Otra mujer hubiese estirado una mano para consolarla, pero no Isabelle. Su mentón adquirió un ángulo más obstinado aún.

– Un hombre que está tan feliz con su hijo por nacer y su nueva esposa, tiene muchas razones para luchar.

– ¿Él, él le dijo que estaba feliz?

– Me dijo todo. Me contó vuestra pelea, por qué estabas durmiendo en la habitación de arriba. Estaba acongojado.

Linnea posó la vista en su regazo.

– No pensé que te contaría todo.

Isabelle separó las rodillas y apoyó las manos en ellas.

– Ted y yo siempre pudimos conversar.

Linnea no supo qué decir. Ya no pudo seguir albergando celos.

Con la vista posada en Theodore, en esa pose masculina, Isabelle prosiguió:

– Lo que Ted y yo hicimos juntos no es nada que deba preocuparte. Todavía eres joven y tienes mucho que aprender sobre las necesidades humanas. Sencillamente, tienen que ser satisfechas. Caramba, él nunca me amó… esa palabra no surgió ni una sola vez. -Se respaldó, sacó del bolsillo los útiles para armar cigarrillos y empezó a fiar uno-. Pero es un buen hombre, un maldito buen hombre. No creas que no lo se… o sea, una mujer como yo… vamos… -Dejó que las palabras se perdieran y lanzó un resoplido despectivo, contemplando el cigarrillo mientras sellaba la abertura y lo alisó. Sacó cerillas del bolsillo del delantal, lo encendió con un chasquido de la uña del pulgar y lanzó una nube de humo fragante a la habitación.

Se respaldó, apoyó los pies cruzados sobre el borde del colchón y sopló en silencio, entrecerrando los ojos para protegerlos del humo. Después de un rato, dijo- Eres una mujer muy afortunada, maldita sea.

Linnea la observó: tenía el delantal sucio. Su barriga sobresalía más que la de la propia Linnea. Sostenía el cigarrillo entre pulgar e índice, como un hombre, y balanceaba la silla sobre dos patas. Pero creyó detectar el brillo de una única lágrima en la comisura del ojo.
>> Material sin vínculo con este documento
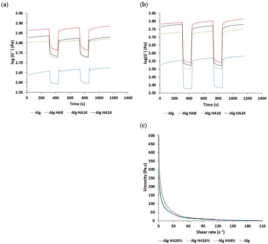 Rheological characterization of alginate-HA inks: (a,b) Time variation of storage and loss moduli and (c) overall viscosity variation with respect to the shear rate for different alginate-HA ink formulations.

En un impulso, extendió una mano y la apoyó sobre el brazo de Isabelle.

La pelirroja miró la mano, se sorbió de nuevo, sujetó el cigarrillo entre los dientes, le dio dos palmadas en la mano y luego tomó otra vez el cigarrillo.

– Volverás el año próximo, ¿verdad? -le preguntó la joven.

– Maldita sea si no. Me moriré de impaciencia por echar un vistazo al pequeño de Ted.

Al séptimo día, supieron que Theodore viviría.

26

Los más viejos, los más débiles, los más jóvenes. La gripe española elegía sus presas primero entre estos y de la familia Westgaard arrebató uno de cada uno. De los más viejos, se llevó a Nissa. De los más débiles, a Tony. Y de los más jóvenes, a Roseanne. Nissa murió sin saber que su nieta también había enfermado.

Era una enfermedad veleidosa, que asolaba indiscriminadamente un hogar tras otro en la pradera de Dakota mientras dejaba a algunos intactos.

No encontraban una pauta que indicase a quién se llevaba y a quién dejaba. Ese mismo carácter impredecible la hacía más mortal. Pero como si la Providencia deparase algo mejor a Theodore y a Linnea Westgaard, Theodore salió de la enfermedad sin una secuela más grave que la pérdida de unos cuatro kilos y a Linnea la dejó intacta.